The Fair Work Commission has announced that with effect from the first full pay period commencing on or after 1 July 2019, the minimum wage rates set out in modern awards will increase by 3%.
For employees not subject to a modern award or enterprise agreement, the National Minimum Wage will also increase by 3% to $740.80 per week (or $19.49 per hour).
What should employers do?
Employers should carefully review the rates of pay and conditions being afforded to their employees who are subject to a modern award to ensure they will be in a position to meet their higher obligations from 1 July 2019. If an employer is unsure whether any of its employees are covered by a modern award, the employer should determine this immediately.
Employers who are covered by an enterprise agreement should also review the agreement to ensure that the base rates of pay for the employees who fall within the enterprise agreement are not less than those that would be payable under the relevant modern award.

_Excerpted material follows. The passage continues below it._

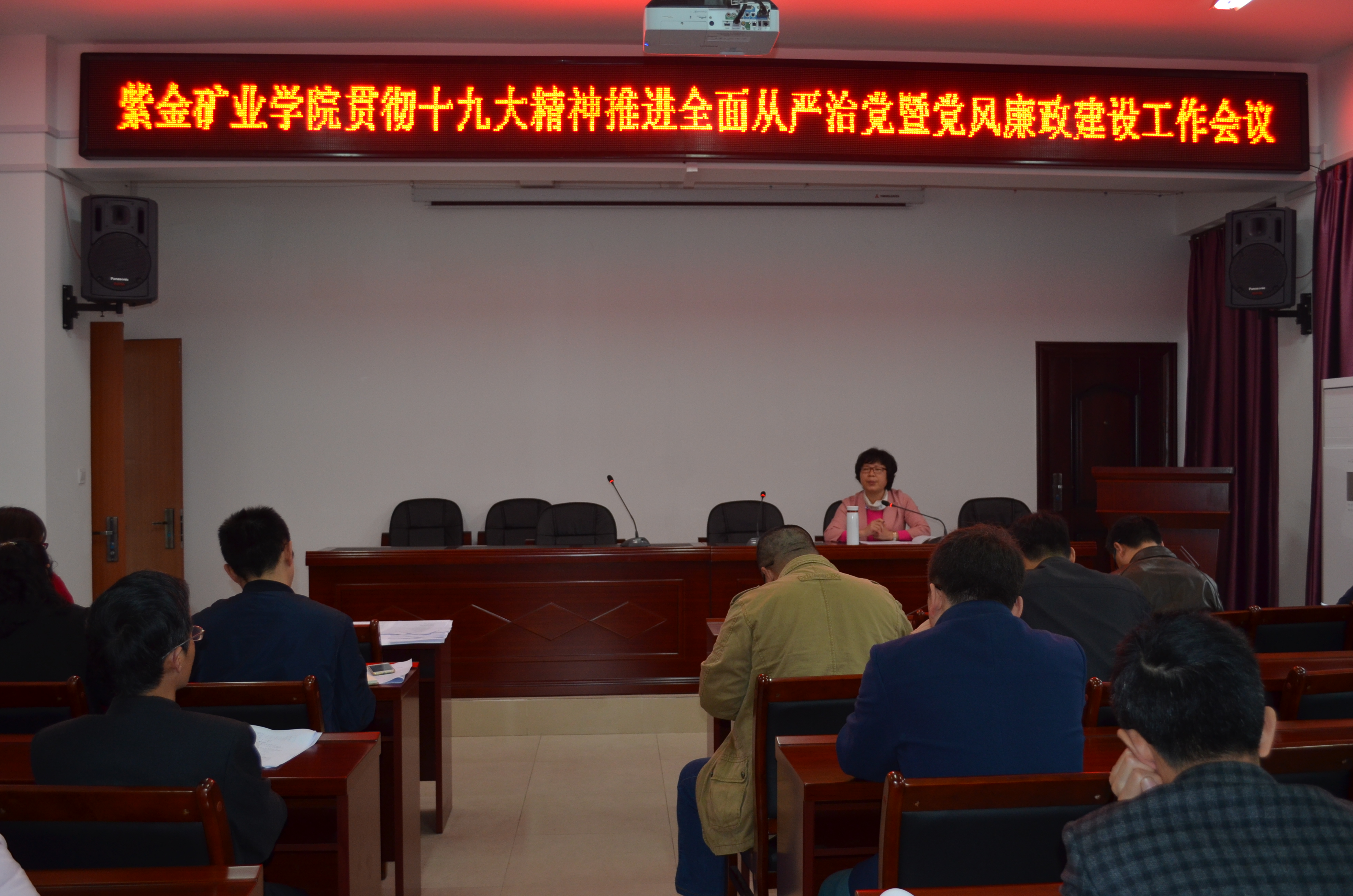 2018年3月15日下午,果冻传媒 召开贯彻十九大精神推进全面从严治党暨党风廉政建设会议。学院全体在家教职工参加会议,会议由徐雪玉书记主持。
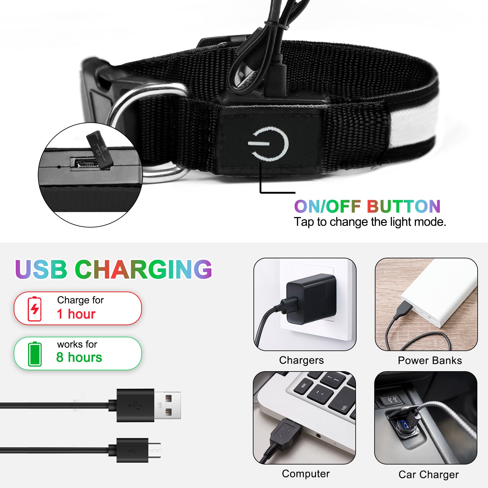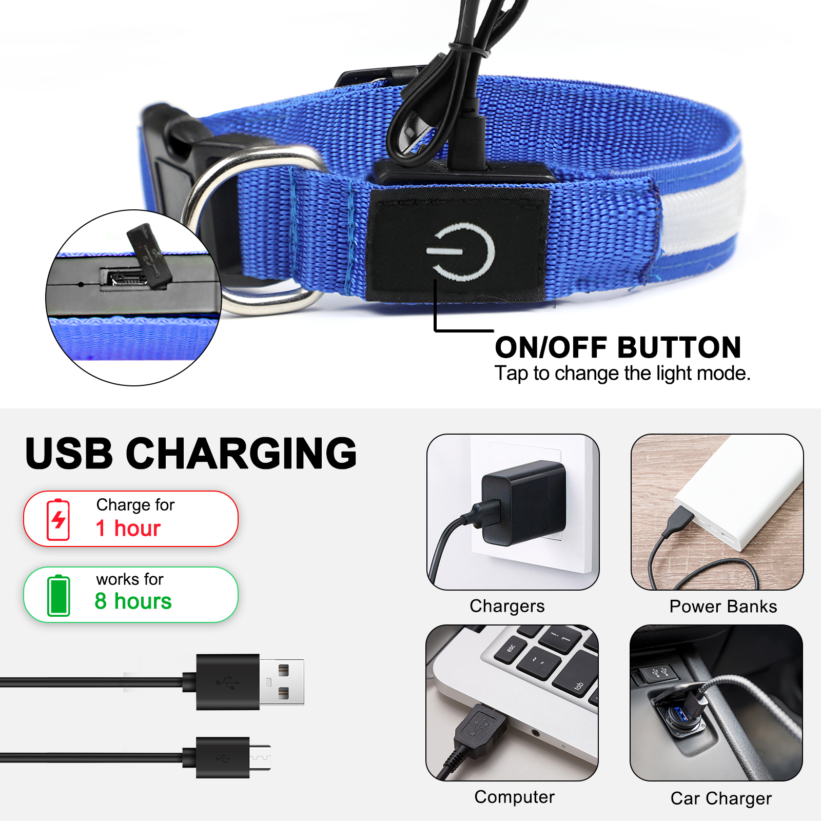 - LED DOG COLLAR RECHARGEABLE BY USB : The LED dog collar only needs to be charged for 1 hour to keep the light on for 7-8 hours, keep your dog safe on the go all the time. Using the included charging cable, which can be recharged by charger, mobile power or computer. This light-up dog collar is powered by rechargeable batteries that don't need to be replaced, saving you time and money.Tips:Please seal the charging port after charging.

For those employees who are not covered by a modern award or enterprise agreement, employers should take steps to ensure they are paying those employees an amount of wages not less than the National Minimum Wage for all hours worked from 1 July 2019.
Why is this important?
There are significant sanctions available against employers that do not comply with an applicable modern award, enterprise agreement or the National Minimum Wage, including civil penalties of up to $63,000 per breach for corporations as well as orders for compensation for any damage suffered as a result of the breach. An individual involved in a breach may also be personally subject to a penalty of up to $12,800 per breach. For example, earlier this month a Victorian farming business and its director were penalised $120,000 and $24,000 respectively for underpaying two workers a total of approximately $13,000 for work performed in 2015 and 2016 and for issuing inaccurate payslips (for more, see FWO v Zucco Farming Pty Ltd & Anor  FCCA 1277).
This article is general commentary on a topical issue and does not constitute legal advice. If you are concerned about any topics covered in this article, we recommend that you seek legal advice.